Students have told their parents they and their friends heard shots fired in the hallway of Martin Luther King Jr. High School Monday morning. A student’s mother, Shanike Smith, said she had heard “three or four” loud bangs, followed by a woman yelling, and a man crying “My son is dead.”
Before the early school dismissal, Smith spoke with her oldest son, a sophomore, to make sure he was OK, but he said he didn’t remember hearing any shots. She was told there had been shots fired, which went off twice.
“If we would have been notified earlier, this incident would have been averted,” Smith said, adding that a police officer and two students made the decision to let everyone get out of the building.
“How can you not know what happened? It’s been chaotic, and something needs to be done differently,” Smith said.
Morgan County District Attorney Steve Mitchell said school officials did call the police and the two responding officers arrived within a minute of receiving the 911 call.

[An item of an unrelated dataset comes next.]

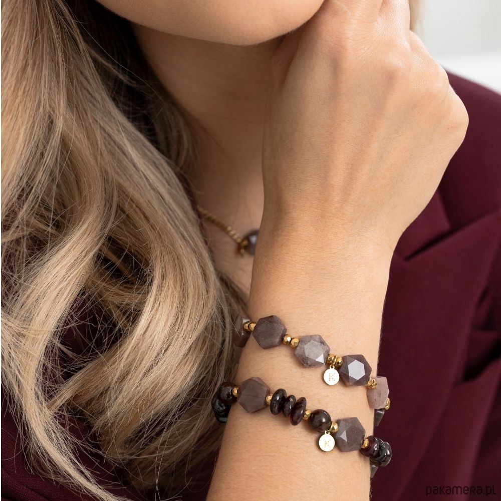 Bransoletka wykonana z naturalnego brązowego Awenturynu to subtelna biżuteria o głębokim znaczeniu. Kamień ten nazywany jest kamieniem równowagi i wewnętrznego spokoju – symbolizuje stabilność, harmonię i pewność siebie. Pomaga łagodzić napięcie, wzmacnia koncentrację i dodaje energii do realizacji celów. Ciepłe, ziemiste odcienie brązowego Awenturynu tworzą elegancką, naturalną kompozycję, która doskonale komponuje się z każdym typem urody. Bransoletka została wykończona drobnymi akcentami Hematytu w wersji złotej lub srebrnej, dzięki czemu zyskuje nowoczesny charakter i subtelny połysk. To biżuteria, która nie tylko zdobi, ale również wspiera – przypomina o sile spokoju, równowadze emocjonalnej i stabilności. Idealna zarówno na co dzień, jak i jako elegancki akcent podkreślający Twój indywidualny styl. Znaczenie kamieni: Hematyt to kamień wojowników. Silnie oczyszcza krew. Budzi radość do życia, dodaje odwagi i wiary we własne umiejętności. Awenturyn to kamień nowych możliwości. Awenturyn pobudza umysł do myślenia poza schematami i zachęca do działania. Jest on jak magiczny klucz otwierający drzwi do nowych możliwości i pomysłów. To co w jednym momencie wydawało się niemożliwe, staje się możliwe, gdy Awenturyn znajduje się blisko. Każda bransoletka różni się nieco od siebie, ponieważ nie ma dwóch takich samych kamieni. Dla klienta wybieramy kamienie z wielką starannością, zawsze intuicyjnie. Wymiary: Kamienie: Hematyt/Awenturyn Wielkość kamieni: 4mm/12mm Blaszka z logo: 6mm Materiał: antyalergiczna stal chirurgiczna

“School employees or faculty did not immediately recognize that there was an assault taking place and that these students were armed,” Mitchell said.
Michael Pierson’s parents, Dan and Margaret Pierson, are both employed as school psychologists in Morgan County, school officials said. The district has a pre-sentencing investigation team to help ensure a juvenile offender acts out appropriately once released from incarceration, and there are several intervention plans for teenagers involved in disruptive behaviors, district administrators said.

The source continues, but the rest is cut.